Johan and Franz checking if the bees have a queen. The rain and the bees flying around don’t really appear on this photo, but I can tell you they were everywhere… Photo: Sara Jeswani.
“Congratulations, you’ve got bees!”
It was the beginning of July and I was sitting on a boat, far away from Stockholm, when my mobile phone beeped. I stared at the text message for several minutes. Well, I did sign up for that lottery (handing out a few of the “new” bee societies that are created when you divide big ones during summer) at my local beekeeper association’s course earlier this year. But I never win lotteries, so I reckoned nothing would happen.
I was wrong.
Honey bees are extremely interesting animals. Photo: Sara Jeswani.

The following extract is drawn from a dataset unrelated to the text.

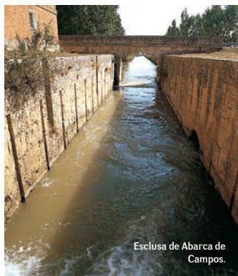
Esclusa de Abarca de Campos.

Desde Paredes de Nava nos dirigimos al lugar conocido como Sahagún el Real, una de las poblaciones que surgieron con el Canal.

Reading about the importance of bees and how they are now more and more threatened,I had decided to learn a bit more and joined a beekeeping course in the beginning of this year. I am far from the only one having got this interest lately, and the beekeeping veterans running the course were amazed to see 35 new members coming to the first meeting instead of the normal four to five.
Trying the get the loose honey bees out of the car before driving across the city. Photo: Sara Jeswani.

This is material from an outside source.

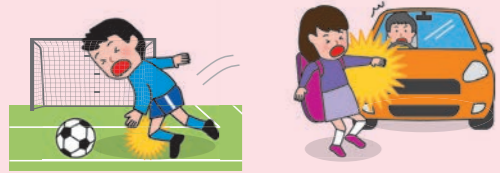
● 団体活動中のケガ ● 団体活動への往復中、車にはねられてケガをした場合

※AW・BW・CW区分にご加入の場合は、上記に加え、「団体での活動中およびその往復中」以外の事故も対象となります。ただし、熱中症、細菌性・ウイルス性食中毒を除きます。
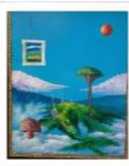
OBR-000215 AUTOR: LEO GUTIÉRREZ RD$10,000.00

The thing about bees is that the more you learn about them the more intriguing they get. How on Earth does the bee queen know where to go when it’s time to mate? And how do the bees manage to tell each other where the best nectar is to be found? Why are so many of them dying all of a sudden, does it have to do with pesticides being sprayed on food crops?
I would really like to have a beehive, i thought – in a couple of years.
Who knows if it would ever have happened, if it wasn’t for this lottery. Only question: What do you do with thousands of bees when you live in a flat?
Finally the boxes are placed in the new hive, and after a few minutes the bees start flying in and out, getting to know their new neighbourhood. Photo: Sara Jeswani.
After sending e-mails to everyone I know in the area where I live, I ended up finding a nice new home for them, a local garden association where the members keep bees together. It’s reassuring to have others that will take care of the bees together with me, and last few weeks we started restoring an old hive to give them a new house.
Last week it was finally time to move the bees from their current home in a park north of Stockholm. The rain was pouring down and the bees (approximately 40.000–50.000!) weren’t exactly in their best mood when we put them in the car to cross Stockholm… But now they have a new home, which I hope they will like!